[Supplied material]

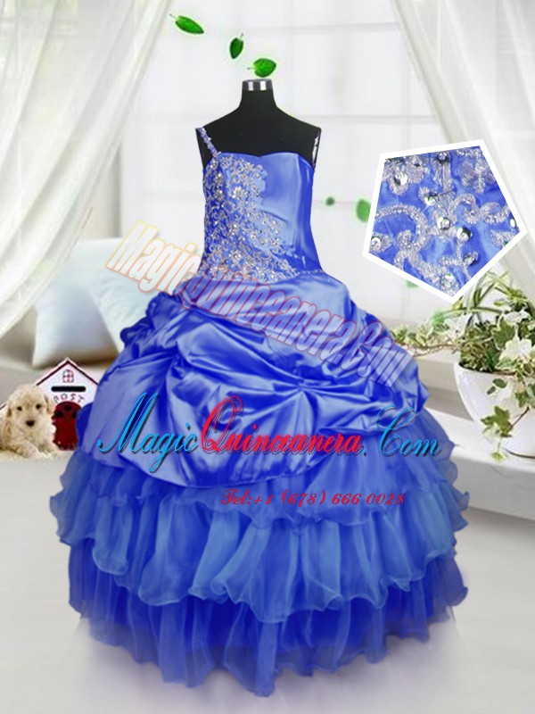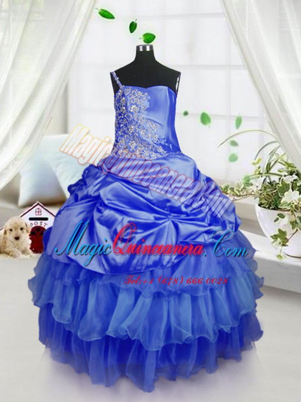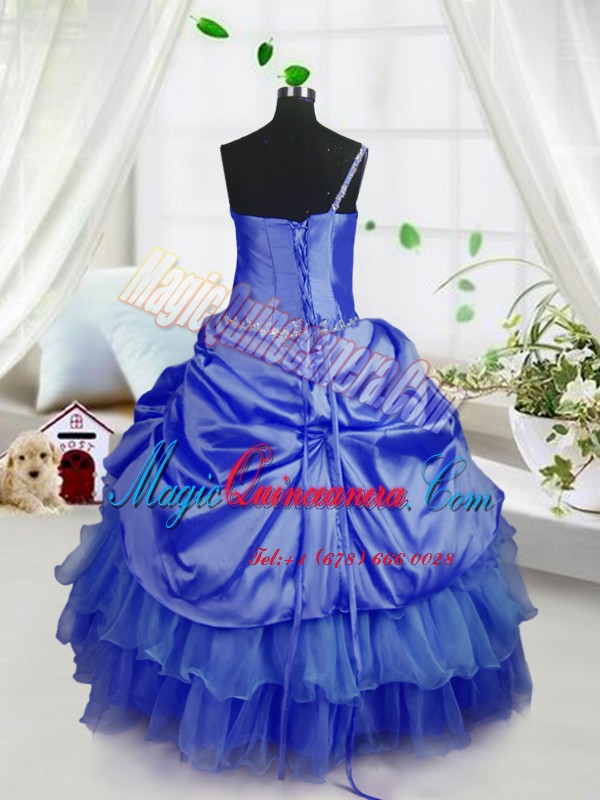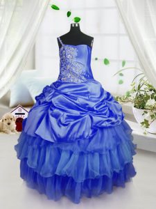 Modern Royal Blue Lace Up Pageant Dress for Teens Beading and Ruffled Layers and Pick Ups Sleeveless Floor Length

[/Supplied material]
[Supplied material]

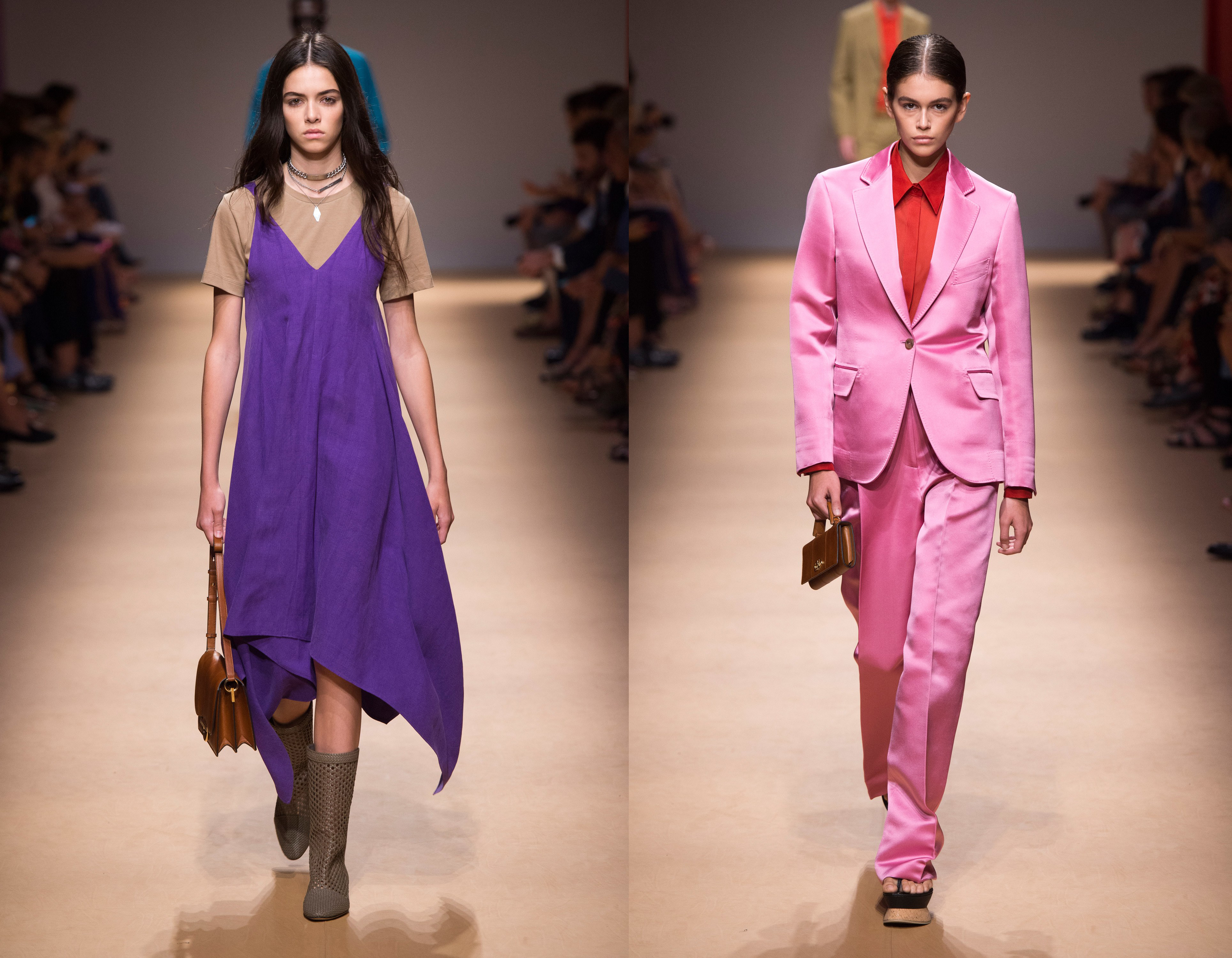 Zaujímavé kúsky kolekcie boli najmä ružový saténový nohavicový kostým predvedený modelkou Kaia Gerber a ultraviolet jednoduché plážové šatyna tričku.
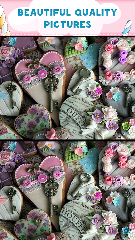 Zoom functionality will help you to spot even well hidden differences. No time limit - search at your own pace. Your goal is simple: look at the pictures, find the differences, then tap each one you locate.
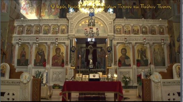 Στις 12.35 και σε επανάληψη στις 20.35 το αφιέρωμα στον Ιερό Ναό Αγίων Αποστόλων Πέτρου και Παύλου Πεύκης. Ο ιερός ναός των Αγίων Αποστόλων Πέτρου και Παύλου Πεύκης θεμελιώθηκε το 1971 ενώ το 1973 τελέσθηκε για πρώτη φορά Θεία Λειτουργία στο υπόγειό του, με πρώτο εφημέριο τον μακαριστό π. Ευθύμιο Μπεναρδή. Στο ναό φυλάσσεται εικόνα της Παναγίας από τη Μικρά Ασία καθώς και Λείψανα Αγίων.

[/Supplied material]
[Supplied material]

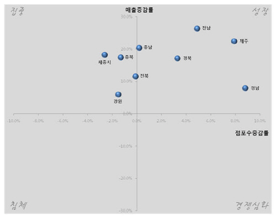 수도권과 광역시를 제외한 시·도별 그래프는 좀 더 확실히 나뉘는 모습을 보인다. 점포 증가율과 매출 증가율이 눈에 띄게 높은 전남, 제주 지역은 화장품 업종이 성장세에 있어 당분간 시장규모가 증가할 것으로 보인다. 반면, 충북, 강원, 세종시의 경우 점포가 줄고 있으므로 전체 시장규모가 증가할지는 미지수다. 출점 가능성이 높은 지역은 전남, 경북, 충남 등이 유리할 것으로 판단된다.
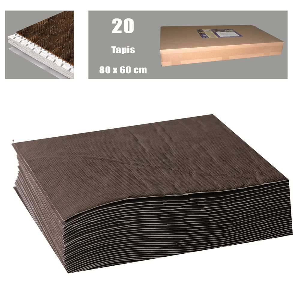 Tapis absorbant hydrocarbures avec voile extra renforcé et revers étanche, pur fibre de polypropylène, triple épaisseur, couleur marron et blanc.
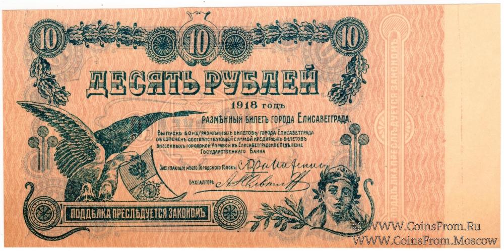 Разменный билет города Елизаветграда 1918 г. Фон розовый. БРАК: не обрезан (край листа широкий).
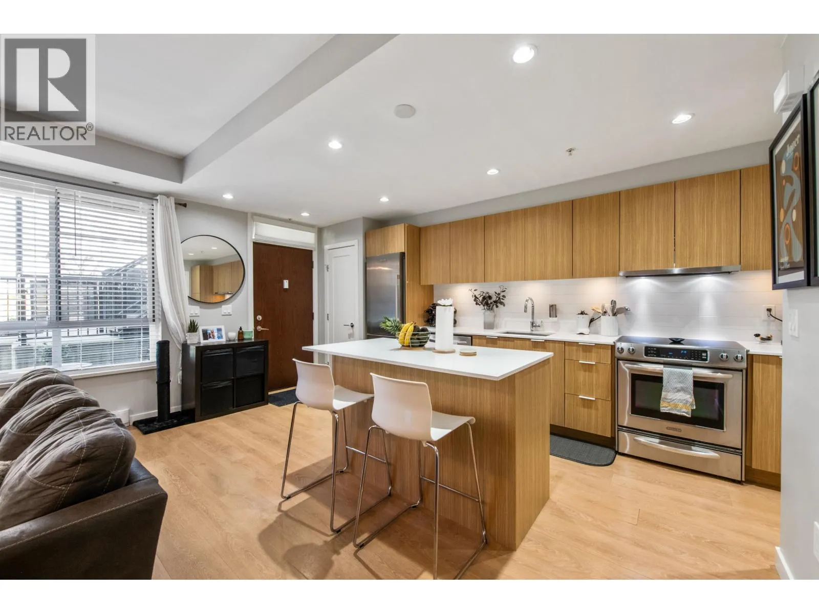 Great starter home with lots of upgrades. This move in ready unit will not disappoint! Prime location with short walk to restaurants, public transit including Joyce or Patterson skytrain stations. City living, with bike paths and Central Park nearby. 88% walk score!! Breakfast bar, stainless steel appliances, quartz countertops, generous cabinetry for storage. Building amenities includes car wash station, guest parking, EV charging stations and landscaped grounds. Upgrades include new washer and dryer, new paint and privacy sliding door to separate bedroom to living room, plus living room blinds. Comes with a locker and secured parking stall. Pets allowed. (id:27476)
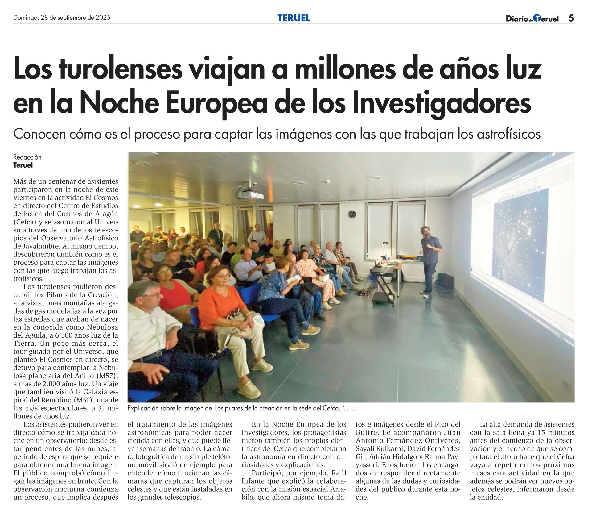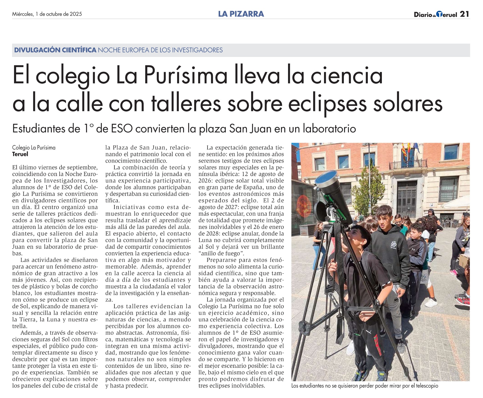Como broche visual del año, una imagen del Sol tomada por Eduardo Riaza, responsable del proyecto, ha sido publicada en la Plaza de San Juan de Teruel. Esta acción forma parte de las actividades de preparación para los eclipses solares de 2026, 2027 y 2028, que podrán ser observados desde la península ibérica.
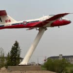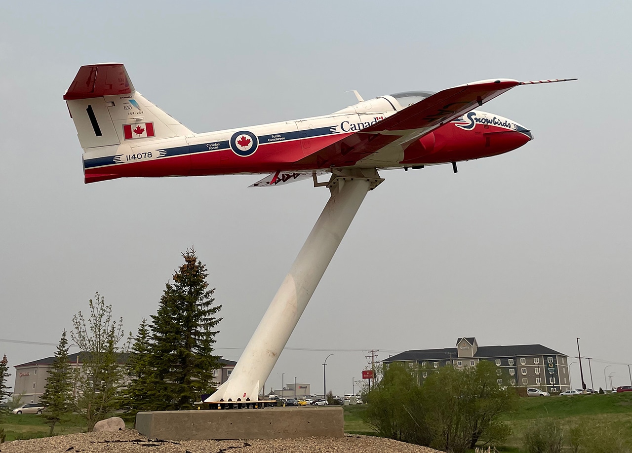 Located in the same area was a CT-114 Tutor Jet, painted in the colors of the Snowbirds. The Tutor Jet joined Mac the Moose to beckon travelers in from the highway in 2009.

[/Supplied material]

_About this exercise_
Above are some entries. Restate word for word the lines from the one holding "Zoom functionality will" through the one holding "Στις 12.35 και", but not the pictures.

_Your response_
 Zoom functionality will help you to spot even well hidden differences. No time limit - search at your own pace. Your goal is simple: look at the pictures, find the differences, then tap each one you locate.
 Στις 12.35 και σε επανάληψη στις 20.35 το αφιέρωμα στον Ιερό Ναό Αγίων Αποστόλων Πέτρου και Παύλου Πεύκης. Ο ιερός ναός των Αγίων Αποστόλων Πέτρου και Παύλου Πεύκης θεμελιώθηκε το 1971 ενώ το 1973 τελέσθηκε για πρώτη φορά Θεία Λειτουργία στο υπόγειό του, με πρώτο εφημέριο τον μακαριστό π. Ευθύμιο Μπεναρδή. Στο ναό φυλάσσεται εικόνα της Παναγίας από τη Μικρά Ασία καθώς και Λείψανα Αγίων.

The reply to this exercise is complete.